* _Exercise details_
Take the lines in the listing below from the line with "The franchise account" up to and including the line with "In addition to" and set them down exactly, skipping pictures and adding nothing.

* _Data shown_
============================================================
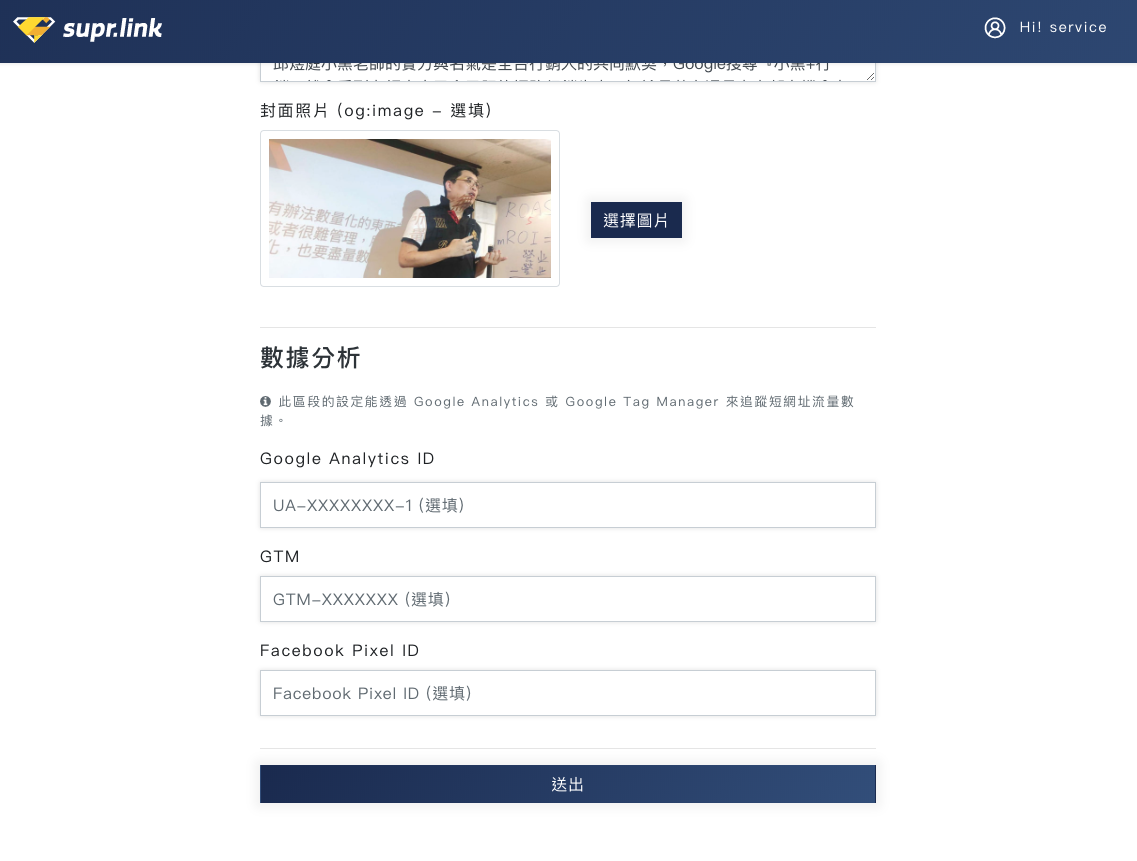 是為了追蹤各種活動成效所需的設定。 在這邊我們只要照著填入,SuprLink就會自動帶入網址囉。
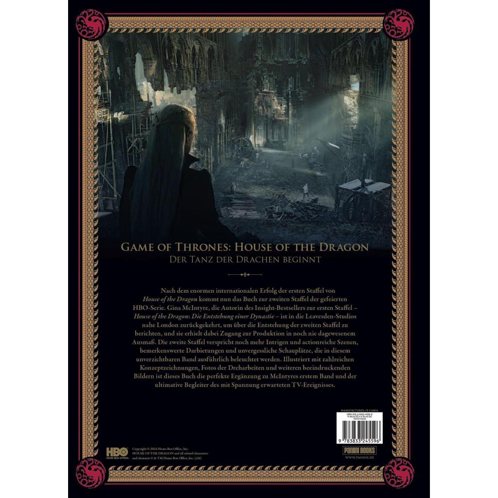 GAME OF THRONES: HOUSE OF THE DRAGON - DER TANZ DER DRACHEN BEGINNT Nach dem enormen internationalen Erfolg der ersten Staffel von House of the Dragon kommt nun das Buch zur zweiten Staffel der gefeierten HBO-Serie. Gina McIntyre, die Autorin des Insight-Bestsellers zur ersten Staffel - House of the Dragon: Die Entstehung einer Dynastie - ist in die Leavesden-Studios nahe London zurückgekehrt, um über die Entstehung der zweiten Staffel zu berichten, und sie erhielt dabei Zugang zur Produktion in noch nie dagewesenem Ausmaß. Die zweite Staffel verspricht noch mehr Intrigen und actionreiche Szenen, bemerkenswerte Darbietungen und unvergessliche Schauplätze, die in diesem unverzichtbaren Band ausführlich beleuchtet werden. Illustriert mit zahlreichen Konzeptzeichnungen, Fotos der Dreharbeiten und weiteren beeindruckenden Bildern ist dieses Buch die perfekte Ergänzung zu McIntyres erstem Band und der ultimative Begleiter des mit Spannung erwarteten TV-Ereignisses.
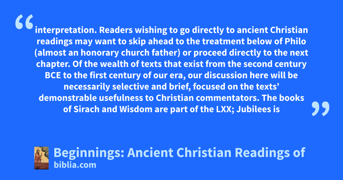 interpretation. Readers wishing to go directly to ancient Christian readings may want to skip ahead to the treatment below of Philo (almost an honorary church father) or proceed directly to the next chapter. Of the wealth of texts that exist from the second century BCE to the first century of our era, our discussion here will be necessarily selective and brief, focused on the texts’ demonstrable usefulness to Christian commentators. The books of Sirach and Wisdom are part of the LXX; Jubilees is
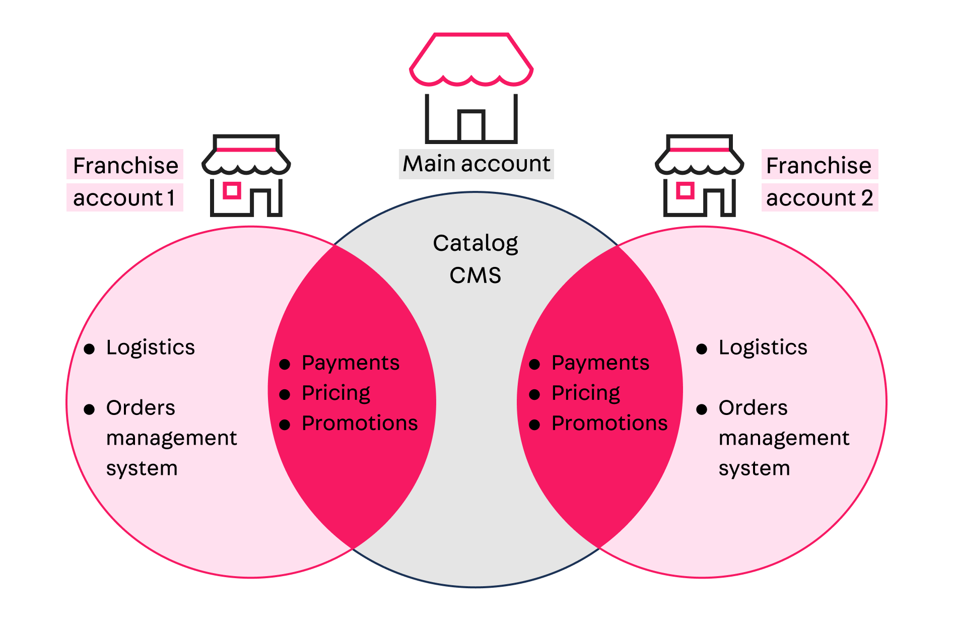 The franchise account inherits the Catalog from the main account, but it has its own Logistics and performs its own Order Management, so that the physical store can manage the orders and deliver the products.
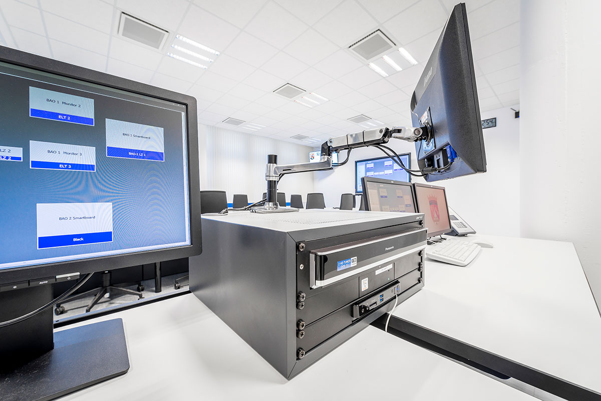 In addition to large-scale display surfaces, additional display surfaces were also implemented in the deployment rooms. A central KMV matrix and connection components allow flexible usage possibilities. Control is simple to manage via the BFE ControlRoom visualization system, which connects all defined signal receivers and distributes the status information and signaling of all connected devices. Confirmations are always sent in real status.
============================================================
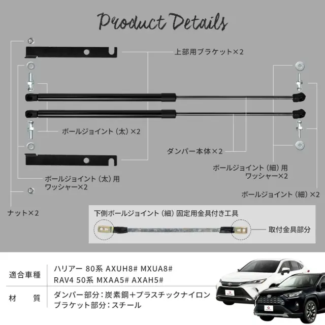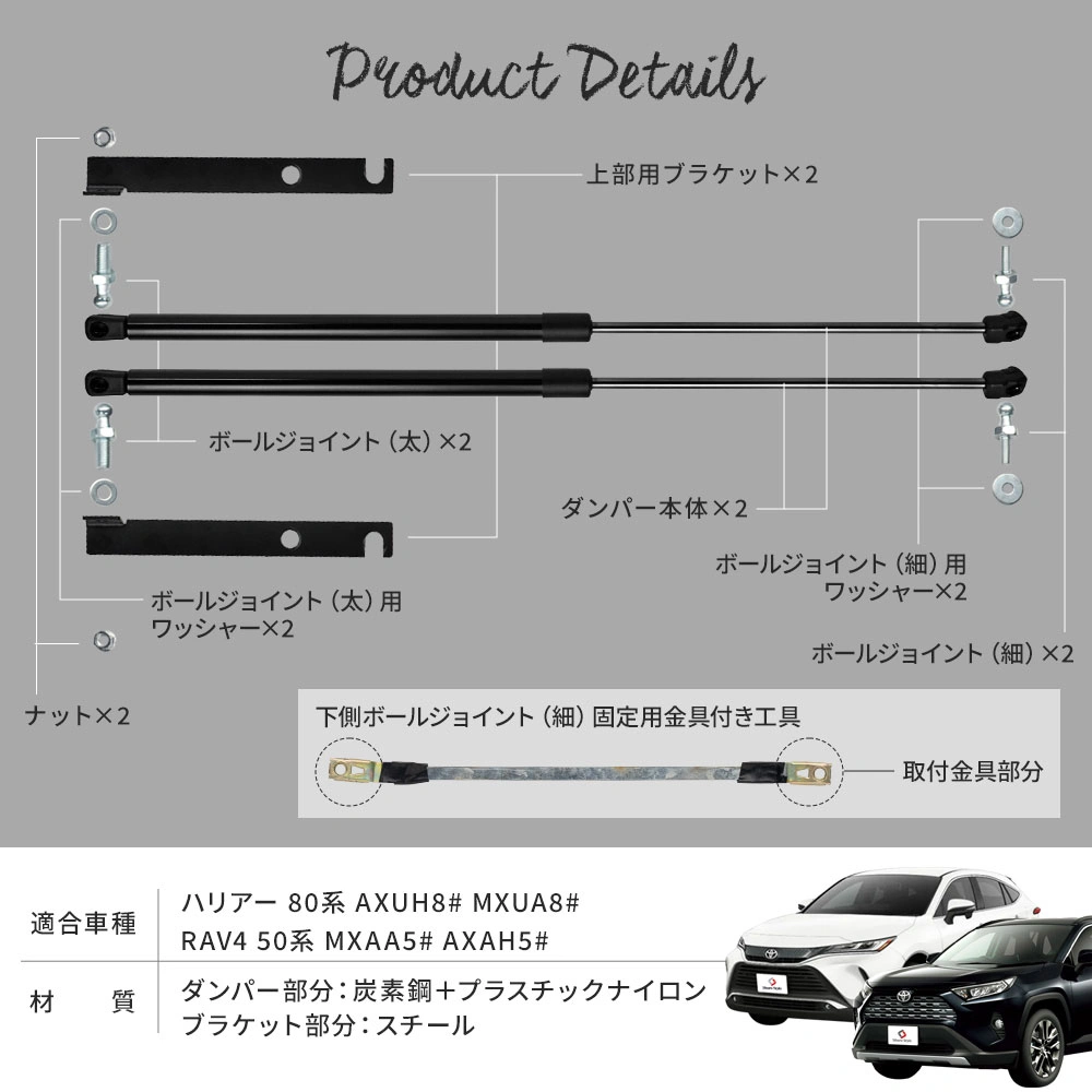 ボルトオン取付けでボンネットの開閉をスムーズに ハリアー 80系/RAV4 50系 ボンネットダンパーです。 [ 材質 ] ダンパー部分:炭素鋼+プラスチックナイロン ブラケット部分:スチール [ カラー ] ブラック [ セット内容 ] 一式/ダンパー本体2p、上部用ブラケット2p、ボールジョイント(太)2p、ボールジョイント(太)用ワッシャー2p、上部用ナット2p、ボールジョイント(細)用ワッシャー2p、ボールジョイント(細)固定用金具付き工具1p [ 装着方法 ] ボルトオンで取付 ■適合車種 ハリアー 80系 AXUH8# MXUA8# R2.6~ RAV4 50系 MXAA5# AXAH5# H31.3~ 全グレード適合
============================================================
* _Result of the task_
 The franchise account inherits the Catalog from the main account, but it has its own Logistics and performs its own Order Management, so that the physical store can manage the orders and deliver the products.
 In addition to large-scale display surfaces, additional display surfaces were also implemented in the deployment rooms. A central KMV matrix and connection components allow flexible usage possibilities. Control is simple to manage via the BFE ControlRoom visualization system, which connects all defined signal receivers and distributes the status information and signaling of all connected devices. Confirmations are always sent in real status.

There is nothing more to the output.